Asustek opens curtain on desktop 'supercomputer'
Eee HPC, anyone?
Taiwanese motherboard and PC maker Asustek is apparently getting ready to jump into the personal supercomputer market with a glorified deskside supercomputer that it has developed in conjunction with graphics chip maker Nvidia and the National Chiao Tung University in Taiwan.
Asustek Computer, known by gearheads for its Asus brand motherboards, is probably best known these days to consumers as the originator of the Linux-based netbook, the Eee PC. The ESC1000 personal super was unveiled at an event in Taipei today, but it is not yet ready for sale. The ESC1000 was mischaracterized in the trade press and blogosphere as a supercomputer.
At best, the ESC1000 can be thought of as a beefed up workstation or a baby supercomputer, even though it may have 1.1 teraflops of single-precision number crunching performance. The ESC1000 will not do nearly as well on double-precision floating point math, and hence, it does not get to be called a supercomputer.
According to the story that broke in Computerworld, the Asus ESC1000 personal supercomputer (or Eee HPC, as El Reg is inclined to call such boxes) is based on a single-socket motherboard (presumably from Asustek) that has a single 3.33 GHz Xeon W3580 processor, one of a family of Nehalem EP server chips that were announced in late March, not one of the Xeon 3400 single-socket parts that came out in early September.
This W3580, running at 3.3 GHz and with a TurboBoost speed of 3.6 GHz, is the fastest of these "real" single-socket server chips. (The Lynnfields are glorified desktop chips and are lacking some memory capacity and I/O bandwidth the proper Xeon 3500s have). As you can see from Intel's spec sheet, this chip was introduced in the third quarter of this year and tops out at 24 GB of DDR3 main memory.
Computerworld seems to be the only trade rag that actually got its hand on a spec sheet for the ESC1000 and says that it will sport three Tesla C1060 graphics co-processors as well as a Quadro FX5800 graphics card.
A report in DigiTimes quotes Asustek sources as saying that the ESC1000 will sell at between NT$480,000 and NT$680,000, which is roughly $14,750 to $20,900 in US dollars.

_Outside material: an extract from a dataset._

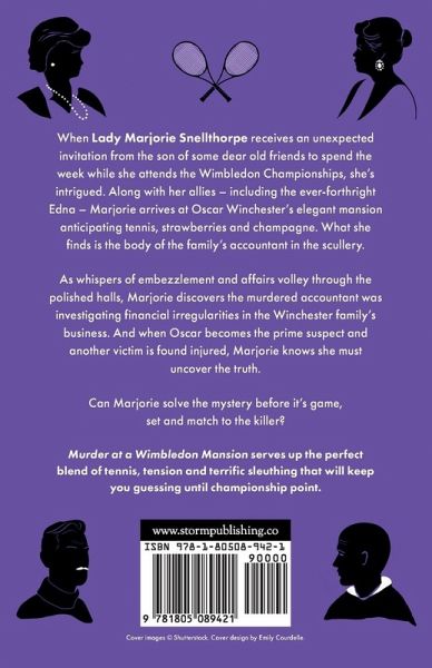 Anyone for murder? When Lady Marjorie Snellthorpe receives an unexpected invitation from the son of some dear old friends to spend the week while she attends the Wimbledon Championships, she's intrigued. Along with her allies - including the ever-forthright Edna - Marjorie arrives at Oscar Winchester's elegant mansion anticipating tennis, strawberries and champagne. What she finds is the body of the family's accountant in the scullery. As whispers of embezzlement and affairs volley through the polished halls, Marjorie discovers the murdered accountant was investigating financial irregularities in the Winchester family's business. And when Oscar becomes the prime suspect and another victim is found injured, Marjorie knows she must uncover the truth. Can Marjorie solve the mystery before it's game, set and match to the killer? Murder at a Wimbledon Mansion serves up the perfect blend of tennis, tension and terrific sleuthing that will keep you guessing until championship point.

It is not clear where the 1.1 teraflops performance rating that Computerworld pegged the ESC1000 at came from, but it doesn't make a lot of sense. Each Tesla C1060 has 240 cores running at 1.3 GHz, and each is rated at 933 gigaflops for single-precision math and a mere 78 gigaflops for double-precision math. Assuming the Quadro FX 5800 (which also has 240 cores) is being used as a graphics card and you ignore the math processing on the W3580 since it is running application software and the operating system, the Tesla cards and hence the ESC1000 delivers 2.8 teraflops at single precision and 234 gigaflops at double precision - and that is at peak theoretical performance. This is nice for a workstation, but falls a little shy of supercomputer.
The recent baby supers from Silicon Graphics (here and here), Cray (here and here) are at least machines with switches that bear some architectural resemblance to a modern parallel supercomputer. Interestingly, SGI's Octane III personal supercomputer can be equipped with a two-socket Xeon 5500 cookie sheet server and two Tesla C1060 GPUs for doing math.
But that same chassis can be equipped with ten two-socket Xeon 5500 servers and a Gigabit Ethernet or InfiniBand switch, making it also a baby supercomputer cluster. This Octane machine is rated at 726 gigaflops of double-precision math performance, and it has a base price of $7,995 with one Xeon cookie sheet server and a Gigabit Ethernet switch.
Basically, until the Fermi kickers to the Tesla GPUs come out and offer more reasonable double precision math performance, cramming more x64 chips in the box is something that is going to be appealing to certain kinds of work. For other work, a workstation with a few Teslas tossed in will be just fine. But the two are not interchangeable. That's for sure. ®
It is extremely difficult to get 100% performance out of these devices. The Teraflop ratings they are given are for an ideal situation where the alu's are fully occupied across all threads and the max mem bandwith is being achieved.
The class of problems which can get you to this level of performance is rather small...
However for their available processing power they use a substantially lower amount of power than a cluster of cpu's, but are admittedly harder to program efficiently.
You *could* get 1.1 teraflops by adding those two together and dividing by two...
by could, do you mean in another universe where 2 x 1.1 doesn't make 2.2?
Thank you, El Reg
For calling "bullshit" on the performance numbers. Everyone else is trumpeting it as something Los Alamos would want for nuclear sims.